A similar human figure, also in white, this time with the package on their back, flowing above them in the wind like a mushroom cloud, appears in Songlines 2 (2018), which was made in Lanzarote. The black volcanic mountains of the island create a blurred foreground to the image, with a rock mirroring the shape of the human form. This approach to landscape, in which the human is disjunctive and yet yearning to be part of the natural environment, is seen differently in Elizium (2014), a cross between Caspar David Friedrich’s Wanderer Above the Sea of Fog (1818) and a still from a black and white adventure movie, in which a human figure, standing on a rocky outcrop above a valley, is blown melodramatically and despairingly by the wind.

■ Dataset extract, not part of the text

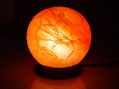 Фигурная лампа из Гималайской розово-красной соли в виде Футбольного мяча. Поставляется в подарочной коробке вес 2-3 кг.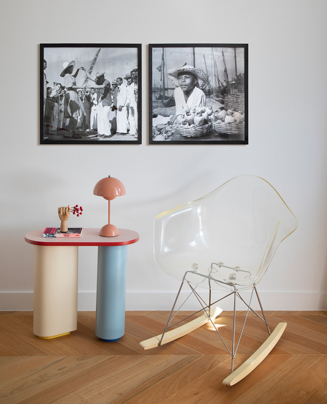 A paleta retoma a essência cromática do movimento — vermelho, azul e amarelo — aplicados com rigor construtivo, em contraste com o neutro suave que equilibra a composição. O contorno vermelho do tampo, o pé prismático azul e a base amarela do pé cilíndrico criam um diálogo direto com as experiências cromáticas de Johannes Itten e Wassily Kandinsky, mestres da Bauhaus.

The existential blast from the landscape in these
images – and a recurring interest in islands as condensed metaphors for the general state of ecology – is carried over into more documentary form in Langan’s work from Monserrat, that very real post-catastrophe place, in which half the island is now deserted. Across the galleries of the Luan exhibition there are images from Monserrat – interiors of dereliction, dust and desertion, made to look unreal with that characteristic looming and claustrophobic perspective which Langan achieves. The only moment of colour in the exhibition is an eery green which, algae-like, infects the largescale image of a Monserrat street, with collapsed powerlines tending to the image’s centre, and signifiers of the mutability of our petrochemical-dependent society.
Langan’s work is powerful, distinct, and driven to render in deeply felt visual terms the estrangement of the human from the natural – contemplating routes of return to nature, but never naïve enough to be convinced of them. ‘At The Gates of Silent Memory’ is a beautifully-curated entry point to her vision.
Colin Graham is Professor of English at Maynooth University.